That was like a lesson I remember learning early in my career. Just taking that extra 10 minutes, 5 minutes to not put a piece of config in  code and then watching that 10 minutes go down to 8 minutes, and then 6 minutes. Before long, it’s just muscle memory.

Chris: Not only that. When you don’t do it, you know how bad it is. You know, “I know I shouldn’t be doing this.” Just don’t do it.

Jon: Cool. Number four.

Chris: Four, backing services. This one is really just basically that everything that your app is talking to, every external dependency that you’re relying on services from, just treat it as an attached resource. This is really talking about databases for the most part, especially given the time frame when this was written. I talk about how your app should not make really distinction between any local versus third party services. If you’re using Postgres as a database, your code shouldn’t make any difference between running Postgres local versus consuming Postgres via RDS running in Amazon type thing. You should be able to swap out, you should be able to change between those different services with just a config change. There shouldn’t be any code changes for that.

Jon: Perfect. They’re almost the same, config and backing services end up being the same idea in a way.

Chris: They go hand in hand. They’re very much related, but they are still separate. Because you could imagine you get a function for attaching to the database and if config setting is RDS, then here is the function to use and if config setting is local, then that would not be the right thing to do here.

Jon: Okay, good point. That’s a great example.

Chris: All right. Five. This one’s called build, release, and run. The point here is that they strictly separate your build, and your run, and your release stages. Each one of these is a distinct phase of your software and it should be treated as such. One of the examples they just give here is you should be able to build or change your code at run time stage.
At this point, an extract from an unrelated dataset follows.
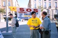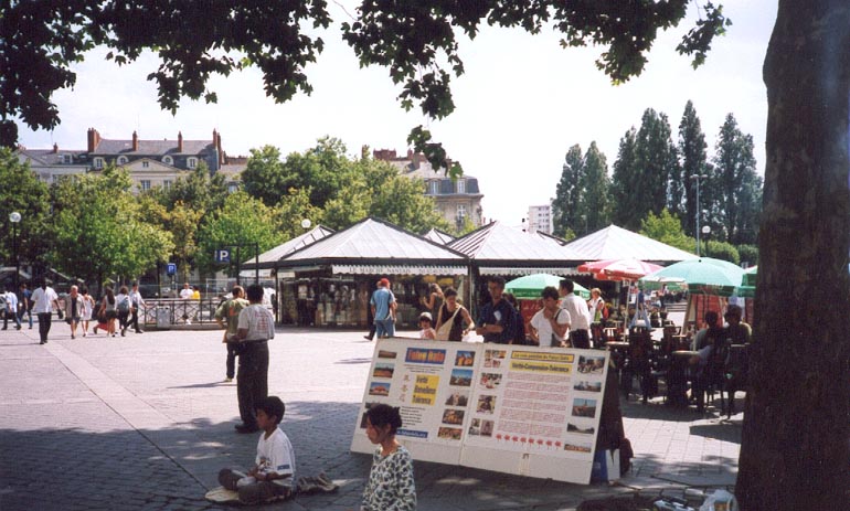 在大城市Nantes(南特),市政府的官员不仅认真地听我们讲述在中国所发生的一切、记下了我们的愿望和要求,还热情地给我们介绍了全市最便宜的复印店。OceanPresse(<<大西洋新闻报>>)报社的一名年轻记者听到我们想找一处热闹的地方洪法、炼功,亲自带我们来到市中心的商业广场,并在第二天对我们的活动进行了采访,临走时握着我们的手说:“你们能这样做非常好!”

At some point in our career, we’ve all done this. We’ve SSH into a prod machine and change some code to fix a bug. But we know that’s not good. Don’t do that. If you need to change code, you go back and you do that in the build stage. And you do a new build, and you do a new release, and then it goes, and it’s run.

Another thing they recommend in this is just every release that you do should have a unique release ID. Think about it as an […] ledger. It can only go one way. Even for rollbacks. After rollback, just think of that as that’s a new release. You’ve incremented your release ID. Again, that’s […] ledger concept to it.

This particular factor is a little bit tougher to do in the real world. A lot of us don’t do this as completely as we could. We definitely have a strict separation between the build, release, and run, but a lot of times just having that big concept over release ID and being able to have the equivalent rollback functionality to do that correctly in the same manner and not do something special.

Jon: I think that’s worth talking about. Say we have release ID one, two, three. Now three is in production. They’re like, “Oh, actually three has a problem. We need to rollback to number two.” Is this saying, “No, you don’t go back to number two. You actually create a number four that was the same as number two?”

Chris: Yeah.

Jon: Okay.

Chris: It gets really confusing on just where things are at once you start doing that. This gets into what branching model you use and just what your philosophy is for building and deploying your software. If you’re using something like a GitFlow model, where the master contains the code that’s in prod and maybe other staging branch that has the staging branch code or something like that. If you start doing things like rolling back now what’s in production, that’s not actually what’s in master anymore. 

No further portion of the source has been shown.